** Opening Input for this task block **

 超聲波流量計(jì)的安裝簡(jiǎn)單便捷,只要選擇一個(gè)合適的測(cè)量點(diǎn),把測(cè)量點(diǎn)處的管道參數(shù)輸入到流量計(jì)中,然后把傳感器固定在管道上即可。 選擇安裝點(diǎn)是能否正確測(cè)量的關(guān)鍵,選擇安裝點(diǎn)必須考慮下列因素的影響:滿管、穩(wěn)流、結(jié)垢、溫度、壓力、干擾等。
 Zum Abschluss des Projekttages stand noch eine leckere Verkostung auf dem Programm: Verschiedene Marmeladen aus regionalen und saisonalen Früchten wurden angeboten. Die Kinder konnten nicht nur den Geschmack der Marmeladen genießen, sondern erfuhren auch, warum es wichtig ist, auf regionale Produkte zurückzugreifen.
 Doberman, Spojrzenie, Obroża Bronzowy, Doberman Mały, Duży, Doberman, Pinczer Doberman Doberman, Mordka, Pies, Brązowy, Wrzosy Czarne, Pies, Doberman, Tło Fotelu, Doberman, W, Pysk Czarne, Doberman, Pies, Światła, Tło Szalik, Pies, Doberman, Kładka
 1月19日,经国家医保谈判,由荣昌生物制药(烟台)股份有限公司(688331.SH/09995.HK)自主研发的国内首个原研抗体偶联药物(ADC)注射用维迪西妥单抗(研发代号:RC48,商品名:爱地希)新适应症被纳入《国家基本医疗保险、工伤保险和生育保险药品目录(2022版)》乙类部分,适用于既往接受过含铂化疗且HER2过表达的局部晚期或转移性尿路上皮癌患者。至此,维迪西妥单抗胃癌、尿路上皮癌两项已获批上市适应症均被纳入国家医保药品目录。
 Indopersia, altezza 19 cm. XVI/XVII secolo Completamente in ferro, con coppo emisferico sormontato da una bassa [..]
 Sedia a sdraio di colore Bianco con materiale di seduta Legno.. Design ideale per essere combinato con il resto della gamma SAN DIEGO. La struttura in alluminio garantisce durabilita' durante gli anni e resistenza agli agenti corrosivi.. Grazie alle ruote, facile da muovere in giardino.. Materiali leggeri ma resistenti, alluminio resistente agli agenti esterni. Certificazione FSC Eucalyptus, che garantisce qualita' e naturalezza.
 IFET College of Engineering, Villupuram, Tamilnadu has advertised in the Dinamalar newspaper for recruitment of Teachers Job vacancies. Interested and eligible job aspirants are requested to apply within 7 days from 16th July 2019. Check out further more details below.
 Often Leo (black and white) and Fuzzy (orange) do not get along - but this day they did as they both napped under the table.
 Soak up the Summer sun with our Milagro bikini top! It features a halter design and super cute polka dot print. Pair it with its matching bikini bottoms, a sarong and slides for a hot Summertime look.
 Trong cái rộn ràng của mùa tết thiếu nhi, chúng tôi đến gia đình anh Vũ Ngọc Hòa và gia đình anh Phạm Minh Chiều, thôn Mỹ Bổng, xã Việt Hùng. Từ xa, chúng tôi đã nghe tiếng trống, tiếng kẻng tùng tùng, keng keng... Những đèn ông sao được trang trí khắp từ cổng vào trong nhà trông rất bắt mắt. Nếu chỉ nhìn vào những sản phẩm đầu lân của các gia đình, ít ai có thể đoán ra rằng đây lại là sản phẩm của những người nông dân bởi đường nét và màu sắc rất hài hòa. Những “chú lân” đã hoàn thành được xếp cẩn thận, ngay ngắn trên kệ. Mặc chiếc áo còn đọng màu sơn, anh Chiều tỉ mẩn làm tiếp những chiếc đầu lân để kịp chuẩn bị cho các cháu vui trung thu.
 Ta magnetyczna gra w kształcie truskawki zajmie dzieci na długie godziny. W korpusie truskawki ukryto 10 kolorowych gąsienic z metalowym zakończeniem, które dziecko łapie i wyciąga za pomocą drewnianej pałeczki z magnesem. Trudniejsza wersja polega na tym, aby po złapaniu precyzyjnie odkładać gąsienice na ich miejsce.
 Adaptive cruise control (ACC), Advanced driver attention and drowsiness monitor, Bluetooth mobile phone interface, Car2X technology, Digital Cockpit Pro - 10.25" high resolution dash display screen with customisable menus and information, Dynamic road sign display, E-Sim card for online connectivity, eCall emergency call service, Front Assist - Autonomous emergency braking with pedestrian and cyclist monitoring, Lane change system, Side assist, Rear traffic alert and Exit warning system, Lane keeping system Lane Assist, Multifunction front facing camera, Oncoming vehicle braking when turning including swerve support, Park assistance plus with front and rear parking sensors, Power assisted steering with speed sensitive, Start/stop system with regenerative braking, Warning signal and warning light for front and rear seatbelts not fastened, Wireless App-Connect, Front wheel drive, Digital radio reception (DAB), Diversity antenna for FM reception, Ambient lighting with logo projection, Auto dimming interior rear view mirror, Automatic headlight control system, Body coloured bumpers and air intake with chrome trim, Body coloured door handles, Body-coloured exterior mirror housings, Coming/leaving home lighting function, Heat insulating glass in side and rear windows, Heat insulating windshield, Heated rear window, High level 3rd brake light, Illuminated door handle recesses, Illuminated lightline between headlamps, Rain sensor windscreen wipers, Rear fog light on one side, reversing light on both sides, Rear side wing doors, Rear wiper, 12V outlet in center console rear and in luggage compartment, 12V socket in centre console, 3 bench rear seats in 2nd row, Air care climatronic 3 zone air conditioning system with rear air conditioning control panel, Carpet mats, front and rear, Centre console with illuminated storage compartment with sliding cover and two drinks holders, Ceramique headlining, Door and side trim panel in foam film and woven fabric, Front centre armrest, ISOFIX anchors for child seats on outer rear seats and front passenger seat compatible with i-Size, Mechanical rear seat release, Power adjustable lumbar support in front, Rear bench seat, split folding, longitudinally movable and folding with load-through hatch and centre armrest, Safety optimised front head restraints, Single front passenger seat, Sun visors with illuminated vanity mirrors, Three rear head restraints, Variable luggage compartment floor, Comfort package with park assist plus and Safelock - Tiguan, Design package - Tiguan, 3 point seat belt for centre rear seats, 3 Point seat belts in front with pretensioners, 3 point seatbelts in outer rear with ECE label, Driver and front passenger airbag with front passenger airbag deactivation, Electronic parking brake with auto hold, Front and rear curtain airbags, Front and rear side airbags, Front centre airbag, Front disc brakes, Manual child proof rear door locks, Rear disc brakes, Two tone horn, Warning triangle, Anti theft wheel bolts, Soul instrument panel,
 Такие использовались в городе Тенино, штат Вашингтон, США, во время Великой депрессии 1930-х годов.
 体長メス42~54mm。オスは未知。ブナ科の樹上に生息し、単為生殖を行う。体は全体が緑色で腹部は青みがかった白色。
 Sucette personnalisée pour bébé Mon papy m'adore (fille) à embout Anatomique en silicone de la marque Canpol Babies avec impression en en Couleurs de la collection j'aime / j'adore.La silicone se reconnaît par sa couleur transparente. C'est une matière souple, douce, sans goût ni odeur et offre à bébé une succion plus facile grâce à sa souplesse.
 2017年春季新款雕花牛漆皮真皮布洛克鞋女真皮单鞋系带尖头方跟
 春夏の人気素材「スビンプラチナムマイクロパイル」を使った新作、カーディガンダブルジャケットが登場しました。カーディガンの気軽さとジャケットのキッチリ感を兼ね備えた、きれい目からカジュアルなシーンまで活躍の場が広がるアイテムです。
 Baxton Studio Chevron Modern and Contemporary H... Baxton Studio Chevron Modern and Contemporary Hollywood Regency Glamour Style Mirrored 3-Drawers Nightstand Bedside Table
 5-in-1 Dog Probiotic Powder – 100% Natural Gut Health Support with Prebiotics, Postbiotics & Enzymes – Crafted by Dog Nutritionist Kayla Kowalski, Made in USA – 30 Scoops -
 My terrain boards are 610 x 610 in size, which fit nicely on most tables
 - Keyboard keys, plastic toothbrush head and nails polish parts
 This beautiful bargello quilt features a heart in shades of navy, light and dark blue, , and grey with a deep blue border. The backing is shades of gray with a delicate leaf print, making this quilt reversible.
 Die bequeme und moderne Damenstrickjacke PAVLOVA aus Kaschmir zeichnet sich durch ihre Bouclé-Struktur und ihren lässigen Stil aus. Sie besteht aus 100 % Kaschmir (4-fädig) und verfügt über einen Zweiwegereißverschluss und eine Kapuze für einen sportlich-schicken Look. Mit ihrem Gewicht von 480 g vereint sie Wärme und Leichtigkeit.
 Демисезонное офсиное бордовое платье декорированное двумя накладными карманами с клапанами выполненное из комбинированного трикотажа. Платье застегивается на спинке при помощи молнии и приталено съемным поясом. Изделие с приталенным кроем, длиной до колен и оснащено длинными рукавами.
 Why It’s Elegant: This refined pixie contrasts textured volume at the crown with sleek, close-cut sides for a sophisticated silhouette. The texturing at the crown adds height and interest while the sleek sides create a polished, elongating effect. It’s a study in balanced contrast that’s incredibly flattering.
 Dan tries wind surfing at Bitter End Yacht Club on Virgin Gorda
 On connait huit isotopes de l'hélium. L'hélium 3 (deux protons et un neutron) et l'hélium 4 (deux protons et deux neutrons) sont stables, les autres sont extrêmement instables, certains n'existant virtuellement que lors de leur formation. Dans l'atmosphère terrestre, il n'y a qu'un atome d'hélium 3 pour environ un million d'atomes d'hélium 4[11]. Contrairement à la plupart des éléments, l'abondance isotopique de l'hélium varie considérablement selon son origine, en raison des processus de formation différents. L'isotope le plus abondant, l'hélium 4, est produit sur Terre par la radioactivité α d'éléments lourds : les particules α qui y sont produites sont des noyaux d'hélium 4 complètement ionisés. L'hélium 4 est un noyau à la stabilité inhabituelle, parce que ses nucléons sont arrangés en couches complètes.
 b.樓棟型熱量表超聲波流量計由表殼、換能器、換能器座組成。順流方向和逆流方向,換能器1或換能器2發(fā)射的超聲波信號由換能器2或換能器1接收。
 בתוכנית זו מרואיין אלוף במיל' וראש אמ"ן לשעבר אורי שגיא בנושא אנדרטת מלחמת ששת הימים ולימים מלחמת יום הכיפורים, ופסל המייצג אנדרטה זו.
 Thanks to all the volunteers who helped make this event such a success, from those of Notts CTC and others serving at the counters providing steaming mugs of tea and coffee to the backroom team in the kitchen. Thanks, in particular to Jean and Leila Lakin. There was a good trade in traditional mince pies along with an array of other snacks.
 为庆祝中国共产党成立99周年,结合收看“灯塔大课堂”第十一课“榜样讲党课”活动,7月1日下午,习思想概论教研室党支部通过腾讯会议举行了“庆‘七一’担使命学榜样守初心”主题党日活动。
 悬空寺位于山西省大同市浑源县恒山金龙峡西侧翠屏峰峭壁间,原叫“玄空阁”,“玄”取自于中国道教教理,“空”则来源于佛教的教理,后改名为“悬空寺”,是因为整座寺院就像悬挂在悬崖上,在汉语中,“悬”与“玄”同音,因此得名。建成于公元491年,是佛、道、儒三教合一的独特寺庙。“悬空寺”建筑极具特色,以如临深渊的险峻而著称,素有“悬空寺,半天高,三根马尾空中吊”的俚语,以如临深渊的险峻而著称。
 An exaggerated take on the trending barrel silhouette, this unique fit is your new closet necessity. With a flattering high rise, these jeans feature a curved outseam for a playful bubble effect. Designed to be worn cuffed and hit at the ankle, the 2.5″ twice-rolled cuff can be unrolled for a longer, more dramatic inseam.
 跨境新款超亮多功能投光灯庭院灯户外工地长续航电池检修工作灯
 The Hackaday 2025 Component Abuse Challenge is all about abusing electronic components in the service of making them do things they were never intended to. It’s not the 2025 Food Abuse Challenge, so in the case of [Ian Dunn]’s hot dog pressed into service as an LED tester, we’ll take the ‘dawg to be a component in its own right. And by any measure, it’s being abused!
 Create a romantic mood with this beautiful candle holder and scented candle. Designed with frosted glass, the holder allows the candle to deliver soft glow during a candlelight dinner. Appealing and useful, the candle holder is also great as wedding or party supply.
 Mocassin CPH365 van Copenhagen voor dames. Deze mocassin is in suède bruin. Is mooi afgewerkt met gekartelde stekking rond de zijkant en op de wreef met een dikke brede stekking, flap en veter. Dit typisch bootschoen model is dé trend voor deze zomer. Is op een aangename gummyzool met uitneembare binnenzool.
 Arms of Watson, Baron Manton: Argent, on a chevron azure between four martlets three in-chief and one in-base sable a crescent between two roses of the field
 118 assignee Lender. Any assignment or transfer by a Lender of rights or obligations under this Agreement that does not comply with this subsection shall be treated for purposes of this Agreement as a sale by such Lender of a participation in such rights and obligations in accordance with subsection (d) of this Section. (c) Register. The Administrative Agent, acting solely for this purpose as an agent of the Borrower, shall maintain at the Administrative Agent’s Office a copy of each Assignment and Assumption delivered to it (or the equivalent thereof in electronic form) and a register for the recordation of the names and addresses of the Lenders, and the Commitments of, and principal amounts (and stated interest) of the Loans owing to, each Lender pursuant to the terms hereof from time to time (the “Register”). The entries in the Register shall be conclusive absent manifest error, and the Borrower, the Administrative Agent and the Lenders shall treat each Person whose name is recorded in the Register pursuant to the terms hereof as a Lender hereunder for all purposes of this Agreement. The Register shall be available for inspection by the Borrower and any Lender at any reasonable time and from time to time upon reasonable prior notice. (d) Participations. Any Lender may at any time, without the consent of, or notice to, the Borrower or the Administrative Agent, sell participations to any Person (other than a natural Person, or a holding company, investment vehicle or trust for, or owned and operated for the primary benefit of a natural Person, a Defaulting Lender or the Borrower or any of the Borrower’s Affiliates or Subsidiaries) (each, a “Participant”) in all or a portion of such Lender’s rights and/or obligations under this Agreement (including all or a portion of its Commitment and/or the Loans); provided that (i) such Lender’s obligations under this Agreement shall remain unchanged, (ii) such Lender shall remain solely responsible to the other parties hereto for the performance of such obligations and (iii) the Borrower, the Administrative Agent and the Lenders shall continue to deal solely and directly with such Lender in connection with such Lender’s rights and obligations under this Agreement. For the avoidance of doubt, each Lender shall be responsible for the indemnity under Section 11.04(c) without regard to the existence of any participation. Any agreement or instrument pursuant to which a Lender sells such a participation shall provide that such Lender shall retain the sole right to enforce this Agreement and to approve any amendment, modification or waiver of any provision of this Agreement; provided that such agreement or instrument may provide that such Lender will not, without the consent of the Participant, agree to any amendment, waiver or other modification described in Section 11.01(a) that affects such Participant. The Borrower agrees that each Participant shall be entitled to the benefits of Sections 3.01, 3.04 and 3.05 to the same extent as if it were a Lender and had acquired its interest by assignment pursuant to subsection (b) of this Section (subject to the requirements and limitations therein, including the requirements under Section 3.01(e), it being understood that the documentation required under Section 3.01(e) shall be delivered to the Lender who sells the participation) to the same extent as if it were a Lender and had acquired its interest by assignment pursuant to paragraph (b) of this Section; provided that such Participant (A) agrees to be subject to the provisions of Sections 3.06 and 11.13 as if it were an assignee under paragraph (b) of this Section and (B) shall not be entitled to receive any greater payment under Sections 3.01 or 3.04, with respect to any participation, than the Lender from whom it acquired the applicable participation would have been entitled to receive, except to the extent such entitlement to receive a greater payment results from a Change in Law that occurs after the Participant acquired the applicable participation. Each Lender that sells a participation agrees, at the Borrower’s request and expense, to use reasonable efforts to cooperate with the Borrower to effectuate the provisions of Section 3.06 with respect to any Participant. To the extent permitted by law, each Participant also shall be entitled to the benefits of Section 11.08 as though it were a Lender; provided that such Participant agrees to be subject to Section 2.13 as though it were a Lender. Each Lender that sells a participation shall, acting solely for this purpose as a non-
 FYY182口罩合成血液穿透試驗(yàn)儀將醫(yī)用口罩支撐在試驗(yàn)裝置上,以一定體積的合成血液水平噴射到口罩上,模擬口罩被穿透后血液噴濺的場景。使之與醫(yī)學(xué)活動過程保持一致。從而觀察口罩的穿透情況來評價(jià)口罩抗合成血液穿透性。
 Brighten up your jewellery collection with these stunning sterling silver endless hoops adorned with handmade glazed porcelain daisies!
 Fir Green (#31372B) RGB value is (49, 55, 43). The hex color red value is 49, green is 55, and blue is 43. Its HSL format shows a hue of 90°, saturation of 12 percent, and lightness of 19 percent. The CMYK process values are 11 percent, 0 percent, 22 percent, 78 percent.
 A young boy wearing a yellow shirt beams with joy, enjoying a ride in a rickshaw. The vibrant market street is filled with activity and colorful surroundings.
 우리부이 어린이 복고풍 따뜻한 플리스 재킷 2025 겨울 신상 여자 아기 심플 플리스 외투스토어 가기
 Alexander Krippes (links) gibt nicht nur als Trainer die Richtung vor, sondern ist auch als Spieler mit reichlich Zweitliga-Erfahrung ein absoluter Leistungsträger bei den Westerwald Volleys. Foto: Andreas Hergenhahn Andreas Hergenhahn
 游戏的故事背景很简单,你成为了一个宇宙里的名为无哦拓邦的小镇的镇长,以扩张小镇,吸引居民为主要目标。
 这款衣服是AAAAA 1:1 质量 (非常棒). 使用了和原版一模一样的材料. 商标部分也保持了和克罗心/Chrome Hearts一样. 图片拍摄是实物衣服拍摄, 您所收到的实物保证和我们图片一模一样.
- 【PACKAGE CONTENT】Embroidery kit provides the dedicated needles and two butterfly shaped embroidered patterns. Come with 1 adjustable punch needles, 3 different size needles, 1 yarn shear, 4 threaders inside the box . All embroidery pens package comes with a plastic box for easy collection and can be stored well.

** Closing Input for this task block **

= What the task requires =
Repeat, word for word, the lines from the start of the records to the line that contains "Indopersia, altezza 19", both of them included, and no others.

= Exercise response =
 超聲波流量計(jì)的安裝簡(jiǎn)單便捷,只要選擇一個(gè)合適的測(cè)量點(diǎn),把測(cè)量點(diǎn)處的管道參數(shù)輸入到流量計(jì)中,然后把傳感器固定在管道上即可。 選擇安裝點(diǎn)是能否正確測(cè)量的關(guān)鍵,選擇安裝點(diǎn)必須考慮下列因素的影響:滿管、穩(wěn)流、結(jié)垢、溫度、壓力、干擾等。
 Zum Abschluss des Projekttages stand noch eine leckere Verkostung auf dem Programm: Verschiedene Marmeladen aus regionalen und saisonalen Früchten wurden angeboten. Die Kinder konnten nicht nur den Geschmack der Marmeladen genießen, sondern erfuhren auch, warum es wichtig ist, auf regionale Produkte zurückzugreifen.
 Doberman, Spojrzenie, Obroża Bronzowy, Doberman Mały, Duży, Doberman, Pinczer Doberman Doberman, Mordka, Pies, Brązowy, Wrzosy Czarne, Pies, Doberman, Tło Fotelu, Doberman, W, Pysk Czarne, Doberman, Pies, Światła, Tło Szalik, Pies, Doberman, Kładka
 1月19日,经国家医保谈判,由荣昌生物制药(烟台)股份有限公司(688331.SH/09995.HK)自主研发的国内首个原研抗体偶联药物(ADC)注射用维迪西妥单抗(研发代号:RC48,商品名:爱地希)新适应症被纳入《国家基本医疗保险、工伤保险和生育保险药品目录(2022版)》乙类部分,适用于既往接受过含铂化疗且HER2过表达的局部晚期或转移性尿路上皮癌患者。至此,维迪西妥单抗胃癌、尿路上皮癌两项已获批上市适应症均被纳入国家医保药品目录。
 Indopersia, altezza 19 cm. XVI/XVII secolo Completamente in ferro, con coppo emisferico sormontato da una bassa [..]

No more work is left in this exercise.